Projection and forecast systems are tools to help identify baseline talent and make some general guesses as to how that talent will evolve. This means they are at the mercy of a number of small factors which to most systems appear as noise or just defined as variance. This variance is often high enough that it’s hard to know if the model is inherently wrong or if was too simple in its forecast. The key takeaway isn’t to be happy that we exceeded the projection, but to understand what/if any of those smaller factors can explain the difference, and are general enough to keep relying on in the future, which should allow us to exceed projections.
Managing a baseball team isn’t all about data. It’s also about making calls from the heart and the gut. What’s it like being on one side of that equation and working to strike a balance with the other?

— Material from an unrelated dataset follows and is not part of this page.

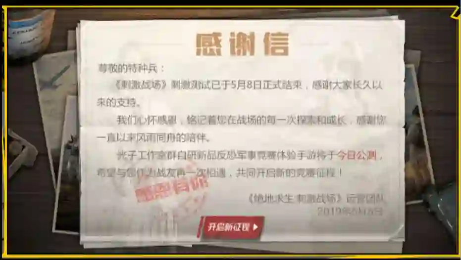 5月7日,一些玩家在登陆《绝地求生:刺激战场》后发现,游戏提示“体验服测试已结束”,而此后再登陆游戏,则会提示更新游戏。更新游戏实际上是下载腾讯旗下的另一款吃鸡类游戏《和平精英》,《绝地求生:刺激战场》似乎完成了它的历史使命,而以另一种形态得以重生。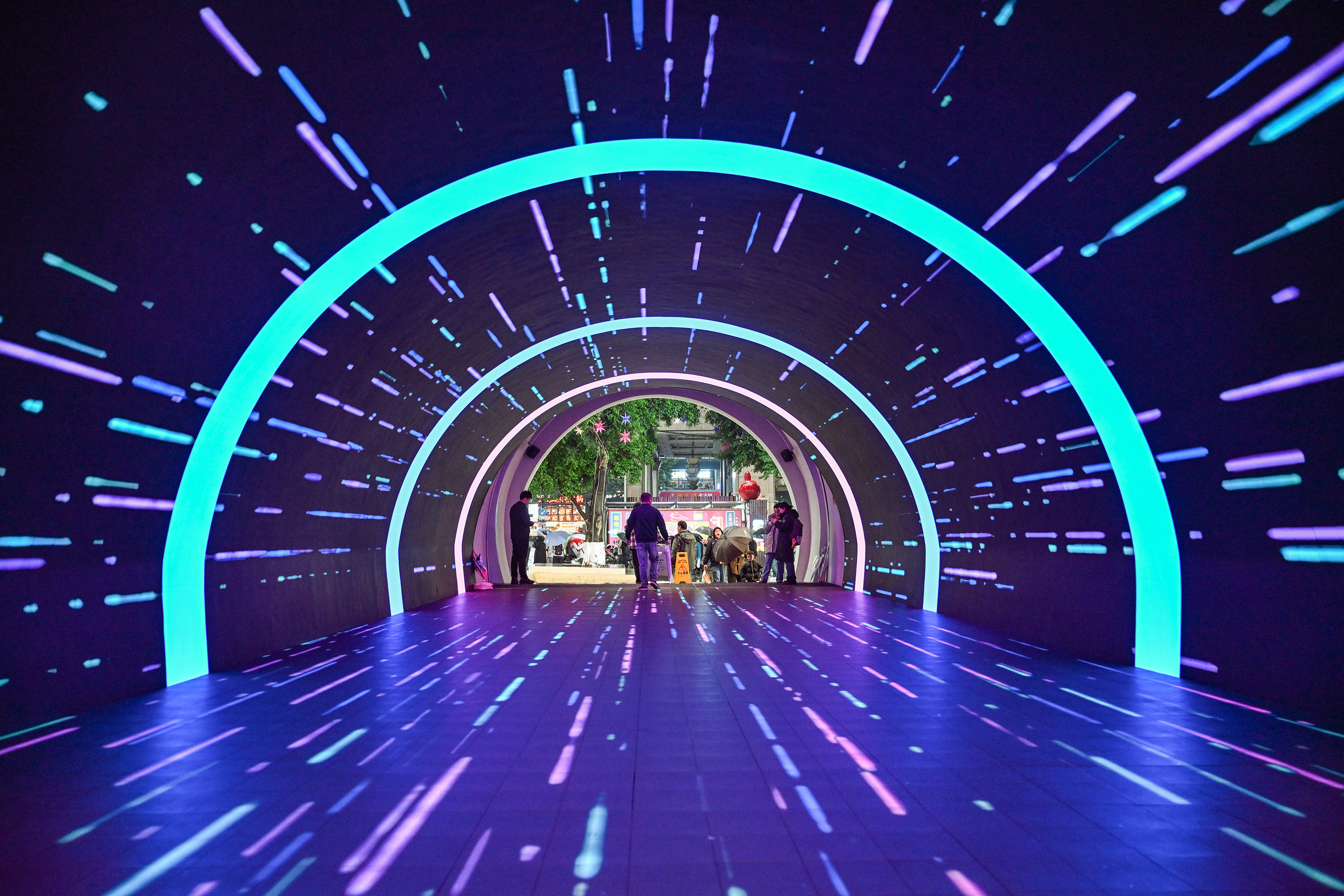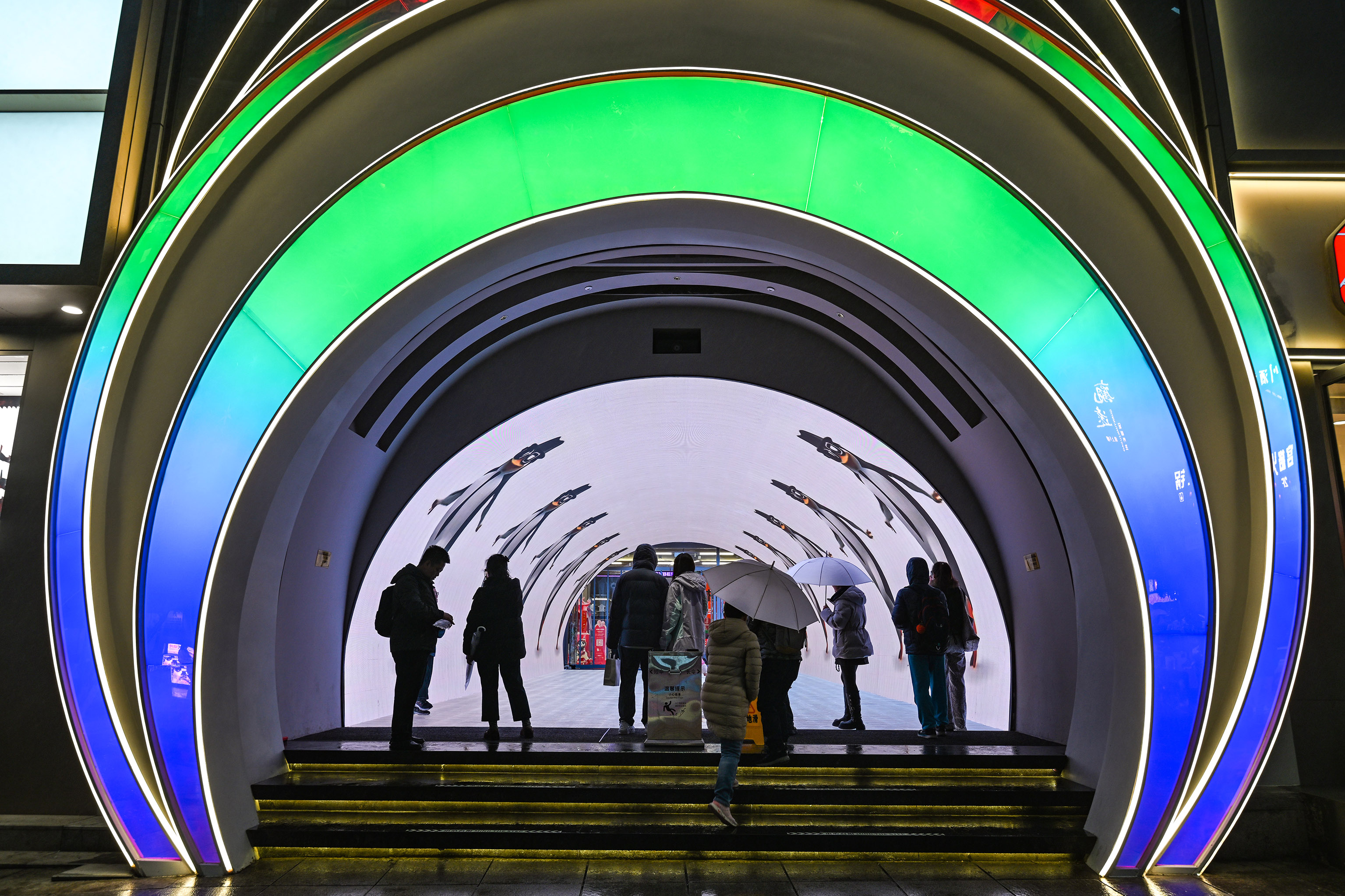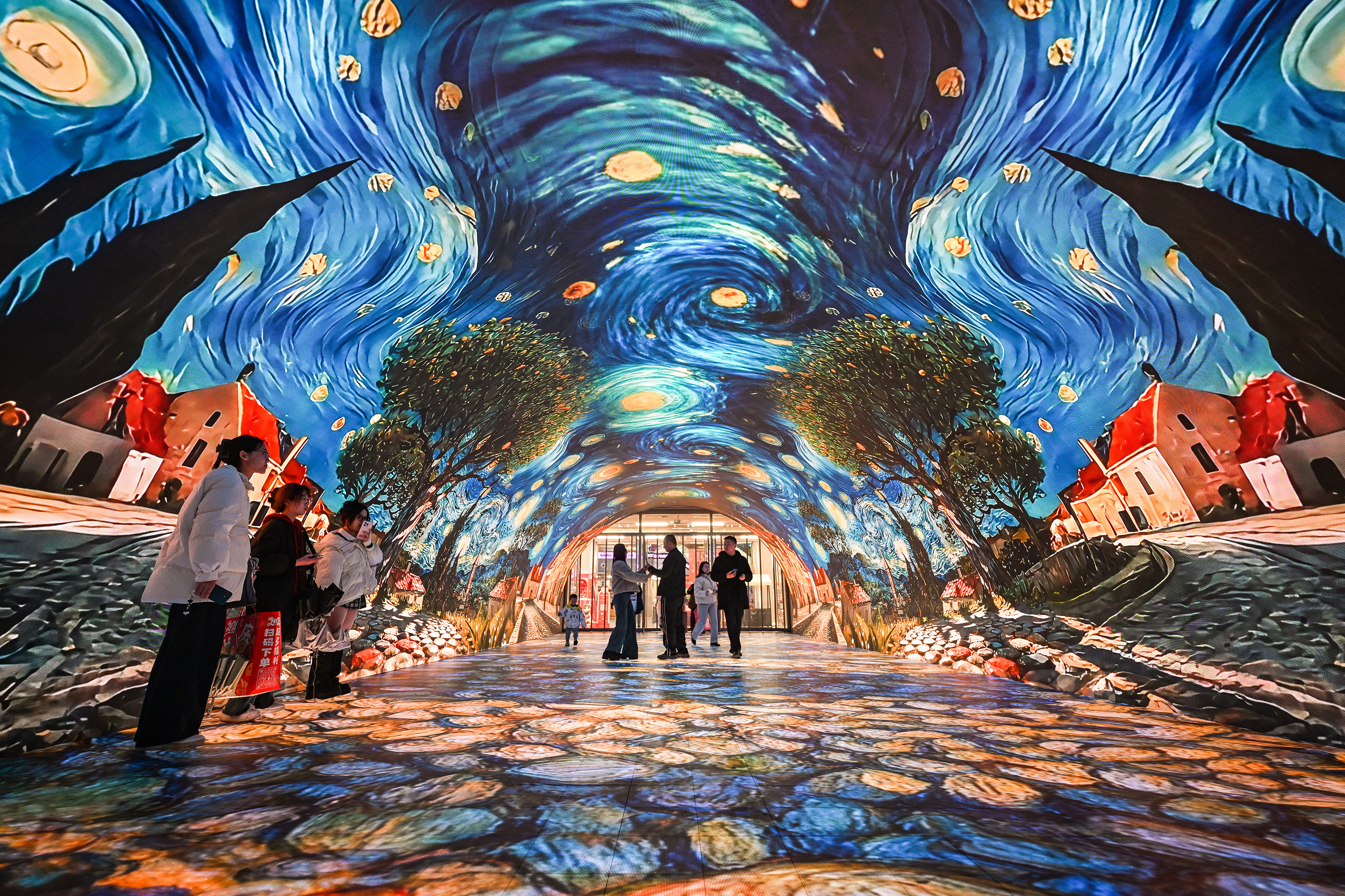 位于渝中区解放碑的一商场人行通道成为来往市民、游客的热门打卡点。该通道全覆盖LED屏,图案循环变换,时而映出《星月夜》旋涡光影,时而铺就流动银河,墙地光影交相呼应,动态企鹅画面还引得游客合拍共舞。沉浸式场景持续聚人气,为商场高效引流,激活商圈消费活力。

This question is interesting in the context of the PECOTA question. Baseball is a game of percentages and as such, the “gut feel” that people in the game rely on, is in their mind a method to separate two choices that seem nearly identical in their general likelihood of success. Because of the variance in those possible outcomes, it’s hard sometimes to know if that original decision was the right one. A component of our department’s job is to make sure we aren’t grouping all the choices together equally, if there are simply better choices than others on the table. We are also tasked with explaining this to people who are equipped to execute those choices. If you can help remove a couple of bad choices to begin with, you make “gut feel” decisions more likely to succeed.
Biometric sensors and IoT devices are infiltrating sports, tracking everything it seems. How does that make your job easier or harder?
Baseball is trending towards collecting data that is often high dimensional, and high frequency. This presents a number of challenges in terms of efficient storage and allowing for both targeted retrieval for more rapid fire studies, as well as giving us an opportunity to collect and build more involved models to help identify traits we want in our players.
What’s your most exciting ‘data moment’ you’ve had?
My most exciting moment probably occurred when I was still in graduate school. I was working on flight diagnostic algorithms, and was able to see how my models could actually indicate component failures in a number of flights before accidents actually occurred. Seeing my work have a practical application that can make lives safer was incredibly cool.
Since we at KCDD have an interest in how the city government uses public data to make the city’s services work more efficiently, what lessons could the city manager learn from sports data analysis?
I think that if there is any lesson to be learned, it’s that we live at a time when there is enough data and enough people interested in the data, that one-off investigations aren’t always the best use of an analyst’s time. I feel that much like any engineering path, we should be looking to data scientists, applied mathematicians and statisticians to start building larger more complex projects and models for civic uses. These projects may not bear much fruit in the short term, but instead can adapt as cities grow and shrink with the rest of the county, state, country, etc. This can help improve efficiency, and hopefully allow for responsible growth with some ability to forecast and project to reality.